Recently, extensive literature reports on OFAS have emerged. They can be roughly summarized into the following three categories [6]: Fiber grating type (including Bragg fiber grating FBG [7], long period fiber grating LPG [8], etc.), Mach-Zehnder interferometer (MZI) [9] (including Sagnac [10], Michelson interferometer MI [11]), Fabry-Perot interferometer FPI [12]. Among them, the FP-type optical fiber acoustic sensor has received extensive attention due to its small size, high sensitivity, and good stability.

Different from the static signal demodulation method of physical parameters such as temperature and refractive index, the demodulation of acoustic signal finally needs to obtain a dynamic fluctuation signal. Therefore, in order to demodulate this dynamic signal accurately without distortion, researchers have proposed a series of signal demodulation methods. For example, the 3∗3 demodulation method [13], but this method needs to collect three channels of signals and perform certain operations, which increases the complexity of the system. There is also a phase-generated carrier (PGC) demodulation method [14], which can demodulate to dynamic signals without distortion, but is not suitable for application in small size FP-type sensors; In addition. The hypotenuse intensity demodulation method [15] is also widely used. It converts dynamic wavelength changes into optical power fluctuations, and then becomes a voltage signal through the PD to show intuitively, but when the disturbance exceeds a certain amplitude, the signal will appear severe distortion which is not conducive to demodulation.

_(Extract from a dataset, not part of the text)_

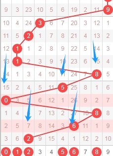 上图是体彩七星彩从左到右定位第四位数字,我标注出来的数字都是遗漏周期小的数字,我标注出来的蓝色箭头表示遗漏周期,上期开出数字2遗漏周期是7期,上上次开出数字6遗漏周期是27期,那么本期可以关注出遗漏周期小的数字012568,个人最看好数字02568。

To solve this problem, this paper proposes a Twice-FFT demodulation method for signal distortion in a FPI acoustic sensor. The hypotenuse intensity demodulation method is applied to demodulate the acoustic signal in the FPI sensor. In which the electrical change signal converted by the photodetector is Fourier transformed by the time domain information collected by the oscilloscope, then the acoustic signal frequency spectrum is obtained. Here harmonic distortion occurs in the spectrogram and it is difficult to determine information such as the frequency and amplitude of the acoustic signal. Then perform the twice-FFT transform on the signal spectrum, so that the main peak in the Twice-FFT spectrogram will reveal the frequency and amplitude information of the acoustic signal. This method is experimentally demonstrated in a frequency range 2–100 Hz for our lab-made FPI acoustic sensor. The demodulation accuracy of the acoustic signal in the distorted state is up to ~95.6%

2. Sensor setup and analysis

The sensor element is shown in Figure 1, the fiber end surface in a fiber external cavity FP structure designed in this paper is a reflective surface, and the other reflective surface is a combination of diaphragms which is acoustic transducer and composed of a 3-μm-thick small round aluminum foil and a ~50-μm-thick the polymer PET film. The detailed production process and parameters can refer to our previous paper [16]. The main working principle can be described as follows: When the diaphragms structure is disturbed by the acoustic signal, the diaphragms structure will vibrate to modulate the cavity length of the FP. When a stable single-wavelength laser is incident on the FP, the output power will change synchronously due to the oscillation of FSR or wavelength. The acoustic signal will be demodulated in the form of an output voltage signal. In addition, the wavelength measurement should be within the hypotenuse of half the FSR.

Figure 1.

The internal structure schematic diagram.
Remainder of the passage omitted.